Galbraith and Laslett (1993) introduced a minimum age estimator for fission track thermochronology that is equally applicable to U–Pb geochronology. The model asumes that the data were drawn from a two component mixture, in which a fraction π_γ of the population is derived from a discrete minimum age peak at t_m = exp[γ] and the remaining fraction (1 -π_γ) of the grains were drawn from a (log)normal distribution with location parameter μ and dispersion parameter σ, truncated at t_m (Figure 2). The four model parameters (γ, π_γ, μ and σ) can be estimated by maximising the likelihood function using an appropriate error model for the analytical uncertainties.

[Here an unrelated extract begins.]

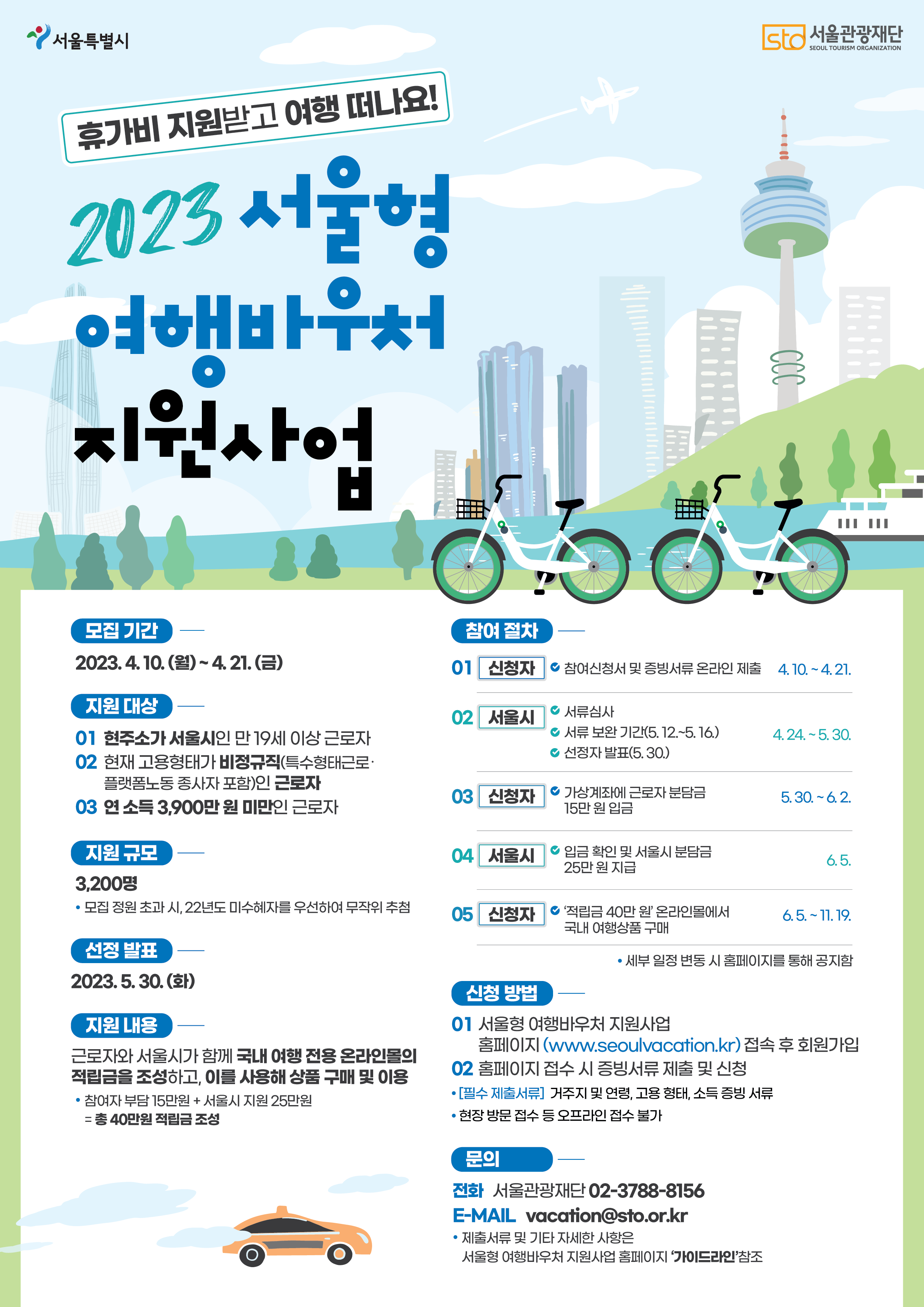 비정규직 근로자·특수형태근로종사자에게 휴가비를 지원하 ‘서울형 여행바우처 지원’ 사업 참여자를 모집합니다. ‘서울형 여행바우처 지원’ 사업이란? 상대적으로 휴가 여건이 열악한 비정규직 및 특수형태근로·플랫폼 노동종사자에게 휴가비를 지원하는 제도로, 시민의 여가 활동을 증진하고 국내관광 활성화를 위해 2019년부터 지속 추진 중인 사업입니다. [모집기간] 2023.04.10.(월) ~ 04.21.(금) [지원대상] 1. 현주소가 서울시인 만 19세 이상 근로자 2. 현재 고용형태가 비정규직(특수형태근로. 플랫폼노동 종사자 포함)인 근로자 3. 연 소득 3900만 원 미만인 근로자 [지원규모] 3,200명 *모집 정원 초과 시, 22년도 미수혜자를 우선하여 무작위 추첨 [선정발표] 2023.05.30(화) ..

The original fission track implementation of Galbraith and Laslett (1993)’s maximum likelihood model assumed binomial counting errors (van der Touw et al., 1997). An alternative formulation using normal errors was formulated by Galbraith (2005, p.107). This version of the model is most appropriate for MDA estimation by detrital U–Pb geochronology. The minimum age model will be referred to as the MLA (Maximum Likelihood Age) method in the remainder of this paper, so as to avoid any confusion with minimum depositional age estimation.

Standard MLE theory also provides a way to estimate the uncertainties of the model parameters. This is done by inverting the negative matrix of second derivatives (i.e. the Hessian) of the log-likelihood function with respect to the parameters. Experience shows that the uncertainties of γ and π_γ are generally smaller than those of μ and σ. Because μ and σ are not directly relevant to the MDA estimation problem anyway, there is little harm in reducing the number of model parameters from four to three, by requiring that γ = μ. The resulting gain in numerical stability benefits small datasets whilst having only a minor effect on the accuracy of the MDA estimates.

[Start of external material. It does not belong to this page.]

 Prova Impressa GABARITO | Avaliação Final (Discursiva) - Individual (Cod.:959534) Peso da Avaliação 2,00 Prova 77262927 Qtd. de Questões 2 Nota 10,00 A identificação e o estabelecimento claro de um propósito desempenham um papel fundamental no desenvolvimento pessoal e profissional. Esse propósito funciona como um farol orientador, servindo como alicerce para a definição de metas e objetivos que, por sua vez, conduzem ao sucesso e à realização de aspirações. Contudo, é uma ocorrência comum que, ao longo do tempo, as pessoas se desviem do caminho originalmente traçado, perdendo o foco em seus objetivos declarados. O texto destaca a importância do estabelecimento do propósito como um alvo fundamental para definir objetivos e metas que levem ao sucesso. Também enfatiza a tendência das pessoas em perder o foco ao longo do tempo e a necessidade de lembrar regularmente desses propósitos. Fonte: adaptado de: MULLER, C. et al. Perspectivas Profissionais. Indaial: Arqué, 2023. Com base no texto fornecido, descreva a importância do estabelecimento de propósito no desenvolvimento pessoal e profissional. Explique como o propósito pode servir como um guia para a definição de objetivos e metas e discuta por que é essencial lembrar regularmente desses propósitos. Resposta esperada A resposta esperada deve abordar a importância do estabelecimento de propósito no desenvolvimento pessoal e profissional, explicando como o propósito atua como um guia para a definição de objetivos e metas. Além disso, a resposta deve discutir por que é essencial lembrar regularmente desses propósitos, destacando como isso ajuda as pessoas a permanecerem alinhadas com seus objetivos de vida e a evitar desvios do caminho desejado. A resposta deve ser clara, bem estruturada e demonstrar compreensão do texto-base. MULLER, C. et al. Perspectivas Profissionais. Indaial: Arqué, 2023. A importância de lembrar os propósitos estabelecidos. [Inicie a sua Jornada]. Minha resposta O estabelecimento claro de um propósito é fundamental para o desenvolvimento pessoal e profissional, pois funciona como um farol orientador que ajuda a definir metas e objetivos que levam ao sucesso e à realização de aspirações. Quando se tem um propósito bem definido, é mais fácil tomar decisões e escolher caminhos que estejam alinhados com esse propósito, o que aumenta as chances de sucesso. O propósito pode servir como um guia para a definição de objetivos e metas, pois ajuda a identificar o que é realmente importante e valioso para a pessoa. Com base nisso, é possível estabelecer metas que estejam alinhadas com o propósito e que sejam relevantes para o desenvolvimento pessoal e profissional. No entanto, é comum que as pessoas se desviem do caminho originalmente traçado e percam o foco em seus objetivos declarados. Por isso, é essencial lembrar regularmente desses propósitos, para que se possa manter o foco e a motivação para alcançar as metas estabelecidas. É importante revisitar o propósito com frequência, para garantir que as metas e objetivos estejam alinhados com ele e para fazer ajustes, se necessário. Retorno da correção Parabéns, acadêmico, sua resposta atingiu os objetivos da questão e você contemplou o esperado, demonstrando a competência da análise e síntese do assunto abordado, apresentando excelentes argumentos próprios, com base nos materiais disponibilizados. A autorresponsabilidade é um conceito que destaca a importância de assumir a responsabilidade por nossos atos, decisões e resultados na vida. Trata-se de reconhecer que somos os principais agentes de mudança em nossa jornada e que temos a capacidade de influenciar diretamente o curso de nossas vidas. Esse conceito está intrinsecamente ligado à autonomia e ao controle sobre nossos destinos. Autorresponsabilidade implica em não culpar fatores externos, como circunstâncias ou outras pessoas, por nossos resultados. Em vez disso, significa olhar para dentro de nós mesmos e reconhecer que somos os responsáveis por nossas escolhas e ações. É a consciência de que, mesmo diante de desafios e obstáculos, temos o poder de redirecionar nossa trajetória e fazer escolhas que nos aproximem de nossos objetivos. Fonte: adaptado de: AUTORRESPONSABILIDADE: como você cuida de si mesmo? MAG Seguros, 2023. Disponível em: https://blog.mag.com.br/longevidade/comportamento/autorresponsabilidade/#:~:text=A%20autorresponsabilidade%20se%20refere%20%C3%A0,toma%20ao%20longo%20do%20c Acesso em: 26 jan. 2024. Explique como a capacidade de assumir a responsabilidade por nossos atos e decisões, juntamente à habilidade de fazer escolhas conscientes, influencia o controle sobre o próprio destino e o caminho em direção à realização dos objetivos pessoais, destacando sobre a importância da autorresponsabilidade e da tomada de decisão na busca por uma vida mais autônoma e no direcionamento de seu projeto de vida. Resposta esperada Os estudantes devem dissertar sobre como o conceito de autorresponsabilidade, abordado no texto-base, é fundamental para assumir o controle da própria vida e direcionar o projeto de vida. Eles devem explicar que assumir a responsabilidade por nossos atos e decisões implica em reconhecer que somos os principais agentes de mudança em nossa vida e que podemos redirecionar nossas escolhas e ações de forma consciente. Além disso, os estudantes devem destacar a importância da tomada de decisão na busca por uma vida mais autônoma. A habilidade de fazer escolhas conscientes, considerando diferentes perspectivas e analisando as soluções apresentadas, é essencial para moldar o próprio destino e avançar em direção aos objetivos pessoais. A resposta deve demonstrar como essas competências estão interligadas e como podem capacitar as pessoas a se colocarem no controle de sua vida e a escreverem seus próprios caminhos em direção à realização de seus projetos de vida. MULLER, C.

It can be shown that among all statistical estimators, the MLE approach is the most efficient, which means that it yields the most precise estimates for any given sample size. MLE algorithms are also consistent, which means that they are guaranteed to converge to the true solution with increasing data size (assuming that the model assumptions are met). Thus the MLA method fixes the key issue with existing MDA estimation methods. Applying it to the toy example asymptotically yields parameter values of π_γ = 1, σ = 0 and γ = 2.3, which corresponds to the correct answer of t_m = 10 Ma.

4 Application to U–Pb data from the Colorado Plateau

Leaving the toy example behind and moving on to a geologically more realistic example, we will now apply the MLA model to a recently published dataset of detrital zircon U–Pb ages obtained from the Colorado Plateau Coring Project (CPCP). The dataset contains 13 detrital zircon samples that were extracted from a ~520 m drill core in Petrified Forest National Park (Arizona, USA).

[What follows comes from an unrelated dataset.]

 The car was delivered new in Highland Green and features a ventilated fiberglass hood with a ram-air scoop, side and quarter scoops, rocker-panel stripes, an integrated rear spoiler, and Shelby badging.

The 13 samples belong to the Permo-Triassic Coconino, Moenkopi and Chinle Formations. Between 221 and 308 randomly selected zircon grains from each sample were dated by LA-ICPMS, yielding 13 U–Pb age spectra ranging from 189 to 3428 Ma (Gehrels et al., 2020). Subsequently, the youngest 2 – 19 grains from each sample were extracted from the LA-ICPMS grain mount and re-analysed by high precision CA-TIMS (Rasmussen et al., 2020). This paired LA-ICPMS + CA-TIMS dataset allows us to compare the performance of the different MDA estimators across a range of sample sizes and analytical precision.

Figure 3 shows the LA-ICPMS and CA-TIMS age estimates for sample 297 on so-called radial plots. These are a graphical device that was invented by Rex Galbraith, the creator of the MLA model (Galbraith, 1988, 1990). The radial plot is designed to visualise heteroscedastic datasets (i.e., datasets with unequal uncertainties). It is the most elegant way to visualise the results of the MLA model, which explicitly takes into account this heterescedasticity. See the Appendix for further details.

The LA-ICPMS data of sample 297 follow a bimodal age distribution. This is evident in Figure 3 as two linear arrays on the radial plot radiating from the origin towards the radial scale at ~220 Ma and ~1800 Ma, respectively. Unsurprisingly, the radial plot of the CA-TIMS data looks very different. It exhibits a unimodal distribution with ages ranging from 220 to 226Ma.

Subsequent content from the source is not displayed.